2. Test Period 2 (Validation):
   run_backtest(..., start_date="2024-07-01", end_date="2024-12-31")
   → Sharpe: 1.3, Drawdown: 15%

3. Compare:
   Period 2 slightly worse but consistent ✓
   Sharpe drop: 13% (acceptable variation)
   Drawdown increase: 3% (acceptable)

4. Test Period 3 (Recent):
   run_backtest(..., start_date="2024-10-01", end_date="2024-12-31")
   → Sharpe: 1.4, Drawdown: 11%

5. Analysis:
   Consistent performance across all periods ✓
   No significant degradation ✓
   Strategy is robust ✓

6. Decision:
   → Ready for deployment consideration
   → Review pre-deployment checklist

Cost: $0.003 (3 backtests)

Workflow 3: Before/After Improvement Testing

Goal: Validate that improvements actually helped

code
1. Baseline (before improvement):
   run_backtest(
       strategy_name="Strategy_original",
       start_date="2024-01-01",
       end_date="2024-12-31",
       ...
   )
   → Sharpe: 1.0, Drawdown: 18%, Win rate: 48%

2. Improve strategy (use improve-trading-strategies):
   refine_strategy(strategy_name="Strategy_original", changes="Add trailing stop", mode="new")

3. Test improvement:
   run_backtest(
       strategy_name="Strategy_original_refined",
       start_date="2024-01-01",  # SAME date range!
       end_date="2024-12-31",
       ...
   )
   → Sharpe: 1.3, Drawdown: 14%, Win rate: 52%

4. Compare (apples-to-apples on same data):
   Sharpe: +0.3 (+30%) ✓
   Drawdown: -4% (-22%) ✓
   Win rate: +4% (+8%) ✓
   → Clear improvement across all metrics

5. Validate on different period (avoid overfitting to test data):
   run_backtest(
       strategy_name="Strategy_original_refined",
       start_date="2023-07-01",  # Different period
       end_date="2023-12-31",
       ...
   )
   → Sharpe: 1.2 (still better than original's 1.0)
   → Improvement is real, not overfitted

6. Decision:
   → Keep improved version
   → Consider further optimization or deployment

Cost: $0.003 (3 backtests)

Workflow 4: Parameter Sensitivity Testing

Goal: Understand how sensitive strategy is to parameters

code
1. Baseline (default parameters):
   Strategy uses RSI(14) threshold of 30
   run_backtest(...) → Sharpe: 1.3

2. Test parameter variations:
   Create variants: RSI threshold 25, 30, 35

   run_backtest(strategy_name="Strategy_RSI25", ...) → Sharpe: 1.1
   run_backtest(strategy_name="Strategy_RSI30", ...) → Sharpe: 1.3
   run_backtest(strategy_name="Strategy_RSI35", ...) → Sharpe: 1.2

3. Analysis:
   Performance varies only slightly (1.1 to 1.3)
   → Strategy is robust (not overly sensitive to exact parameters) ✓

   vs.
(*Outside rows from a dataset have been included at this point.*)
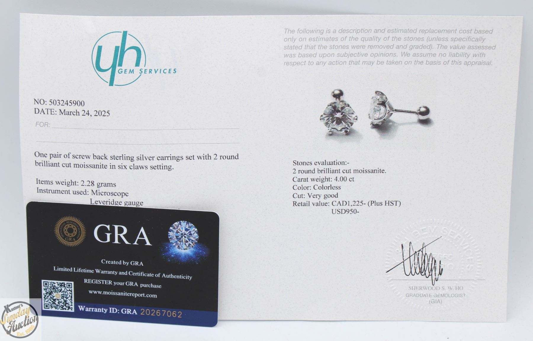 MOISSANITE STONES VVS D COLOR SET IN 6 CLAW FILAGREE HEAD SET IN 925 SILVER EARRINGS WITH SCREW BACKS RETAIL VALUE $1,225.00 **ALL ITEMS MUST BE REMOVED BY 5PM SATURDAY, JUNE 28th 2025. ALL REMAINING ITEMS WILL BE SUBJECT TO A $6.00 PER DAY STORAGE CHARGE. ANY ITEMS REMAINING AFTER MONDAY, JULY 14TH 2025 WILL BE CONSIDERED FORFEITED. NO REFUNDS WILL BE ISSUED FOR FORFEITED ITEMS. TO SCHEDULE A PICK UP APPOINTMENT CLICK HERE
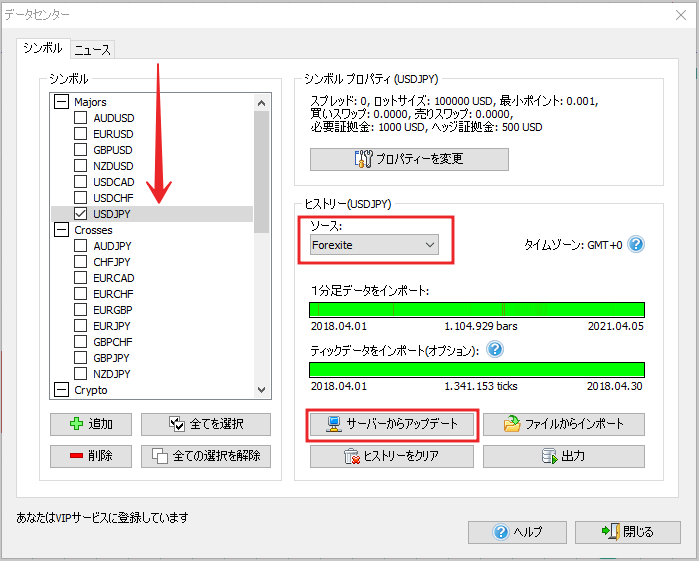 なお、860のシンボル、より優れたデータ品質、9つの主要通貨のヒストリカル・ニュース、ティック・データ、フローティング・スプレッドなど、さらに多くの機能をご利用いただくには、スタンダードまたはVIP購読のいずれかをお選びください。
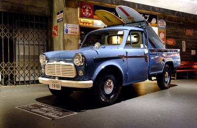 Datsun 1000 pickup 1960-ból, meglehetősen kaliforniaias öltözetben, két szörfdeszkával. De hiteles, mert a japánok is űzik a sportot. A csúcssebességnél se kellett túl erősen lekötözni a deszkákat, mert a kisteher csak 90-et ment
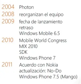 Lo cierto es que este desarrollo no fue a parar a buen puerto así que en 2008 Microsoft reorganiza el equipo inicial y proponen el desarrollo del sistema Windows Mobile 7 con Multi-Touch.
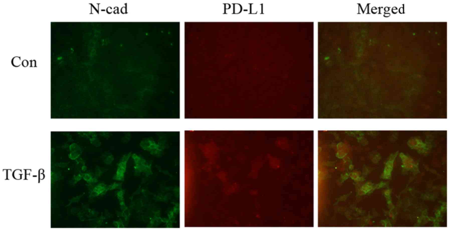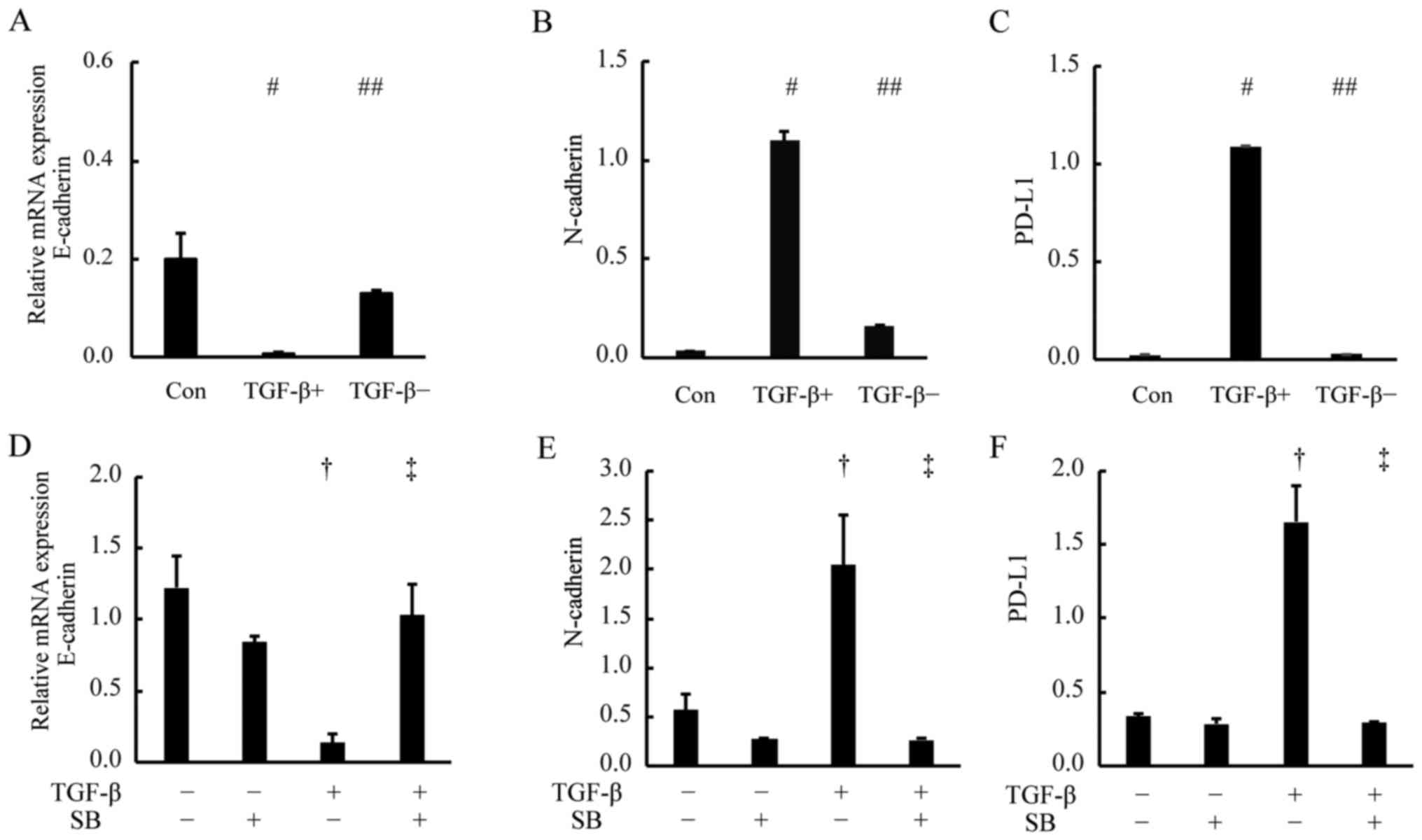EMT plays a crucial role in cancer progression, and this phenomenon can be found in this cancer microenvironment. EMT is promoted by TGF-β secreted from not only the cancer cell itself but also from other cell types, and it gives cancer cells the invasive and metastatic abilities necessary for successful metastasis (7,8,12,17). In the present study, we demonstrated that PD-L1 expression in cancer cells was regulated by TGF-β signal pathway. Other groups showed a significant relationship between PD-L1 expression and EMT status by IHC staining analysis on several malignancies including NSCLC (18,19). Together, these data support our notion that the TGF-β pathway is an important regulator of PD-L1 expression, and EMT markers may be useful for selecting patients that would likely benefit from immunotherapy.

High sensitivity:
   RSI25: Sharpe 2.5
   RSI30: Sharpe 1.3
   RSI35: Sharpe 0.4
   → Overfitted to specific parameter value ✗

4. Decision:
   Robust strategy (small variation) → Safe to deploy
   Sensitive strategy (large variation) → Likely overfit, risky to deploy

Cost: $0.003 (3 backtests)

Troubleshooting

"No Data Available"

Issue: Backtest fails with "insufficient data"

Solutions:

code
1. Check data availability first (use browse-robonet-data):
   get_data_availability(symbols=["YOUR-SYMBOL"], only_with_data=true)

2. Adjust date range:
   - BTC-USDT, ETH-USDT: Available from 2020-present
   - Altcoins: Typically 6-24 months
   - Use date range within available data

3. Try different symbol:
   - BTC-USDT and ETH-USDT have longest history
   - Start testing on these, then expand to altcoins

"No Trades Generated"

Issue: Backtest completes but zero trades executed

Solutions:

code
1. Entry conditions too restrictive:
   - Review strategy code (use browse-robonet-data: get_strategy_code)
   - Conditions may never be met simultaneously
   - Example: "RSI < 20 AND price > 200 EMA" (RSI rarely gets to 20)

2. Test on longer period:
   - 6 months may not have ideal conditions
   - Try 12-24 months

3. Adjust thresholds (use improve-trading-strategies):
   - Loosen entry conditions slightly
   - Example: Change "RSI < 25" to "RSI < 30"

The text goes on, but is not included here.